Nate Sullivan holds a M.A. in History and a M.Ed. He is an adjunct history professor, middle school history teacher, and freelance writer.

In this lesson we will learn about the propaganda used by Fascist Italy. We will discover how dictator Benito Mussolini used propaganda to bolster his image and ''package'' his regime as the new Roman Empire.

What do ''Mercury Dimes'' and Fascist Italy Have in Common?

Have any of you ever seen a ''Mercury'' dime? These were the dimes the U.S. produced between 1916-1945. They are called ''Mercury''dimes because the obverse side features the female personification of Liberty, who many people mistakenly have taken for the Roman god, Mercury. The reverse of this dime is what we really want to focus on, however.

The reverse features a symbol called a fasces, which is basically a bundle of wooden rods with an ax-head attached to the top. The fasces was widely used by the Ancient Romans to symbolize power and authority. On the ''Mercury'' dime, an olive branch is coupled with the fasces to indicate America's power, but also its desire for peace.

The Mercury dime, coined between 1916-1945, features a fasces on its reverse.

The word ''fascism'' comes from from the same Latin root word as fasces. It should be no surprise to us that Italian dictator Benito Mussolini used the fasces as a symbol for his fascist regime. Mussolini ruled Italy between 1922-1943. Like his ally, Adolf Hitler, who was dictator of Nazi Germany, Mussolini was skilled at making use of propaganda. In fact, to him, the fasces itself was a propaganda symbol. He used it to represent Italian power, but also to cast a continuity between his regime and that of Ancient Rome. Through the fasces and other forms of propaganda, Fascist Italy was ''packaged'' as the new Roman Empire.

Let's dig deeper and learn about the propaganda of Fascist Italy. We should remember our definition of propaganda: propaganda is basically any form of media used to influence a person's opinion, usually about a political or social issue. Here we go!

The Personality Cult Surrounding Mussolini

Know as Il Duce, (the Leader) Mussolini himself was the center of Italian Fascism and propaganda. As was the case with Hitler, a personality cult developed around him. In 1932, Benito Mussolini wrote a manifesto on fascism called The Doctrine of Fascism. In reality, he had help writing it, but the essay, which he took complete credit for, became a sort of ''Bible'' for Italian Fascism movement. This essay itself a critical work of propaganda, advancing Mussolini's own personal brand of fascism.
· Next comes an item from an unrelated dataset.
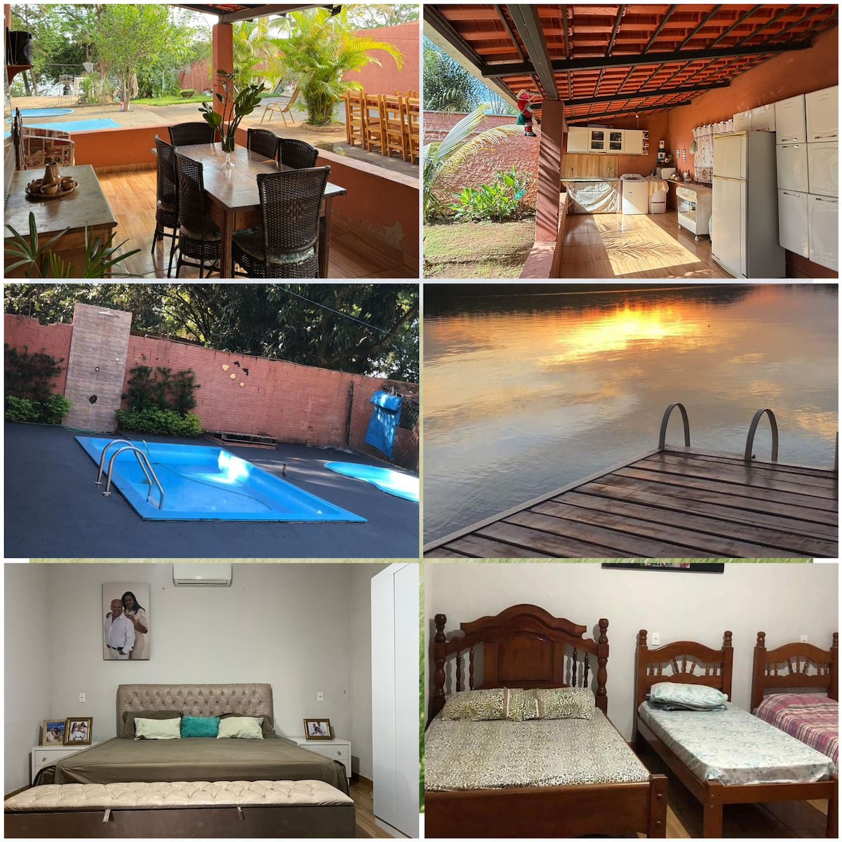 Relájate con toda la familia en este alojamiento tranquilo. Ven a disfrutar de una maravillosa puesta de sol, días tranquilos y agradables en el rancho Recanto das Águas. Ubicado en Miguelópolis, en la presa del Río Grande, en el condominio cerrado Pontal do Rio Grande. 14 personas en tres dormitorios que son suites, con aire acondicionado y wifi, presentes en la casa principal. Una piscina maravillosa para reunir a amigos y familiares. Tiene una zona al aire libre con cocina y barbacoa, cerca del astillero.

Mussolini was also glorified in photos and film footage. He carefully censored the media to ensure that only flattering photos and film footage was released. He was also glorified through statuary and monuments. He was sometimes cast upon a horse giving the Roman salute, which was an arm extending straight out parallel to the ground with the palm face down. Similar to the Nazi salute, except that in the Nazi salute the arm was raised to a 45-degree angle, the Roman salute was a powerful form of propaganda designed to show allegiance to Mussolini and his new Roman Empire.

Mussolini was also the subject of popular songs and slogans. One such slogan proclaimed that Mussolini was always right (''Il Duce ha sempre ragione''). Mussolini was presented to the masses as a fearless and masculine leader who worked tirelessly on behalf of the Italian people. In some sense, he was even cast in a quasi-religious sense: he was the ''savior'' who came to restore the Roman Empire.

An official photograph of Benito Mussolini.

Italian Fascist Propaganda Posters

Like other nations, such as the U.S. and Germany, Italy produced all kinds of propaganda posters during World War II. Early posters tended to center on triumph. They typically glorified Mussolini or portrayed the victories of the Italian Army, which had been busy conquering Ethiopia in 1935-36. Some posters drew on references to Ancient Rome, portraying Mussolini as a new Caesar.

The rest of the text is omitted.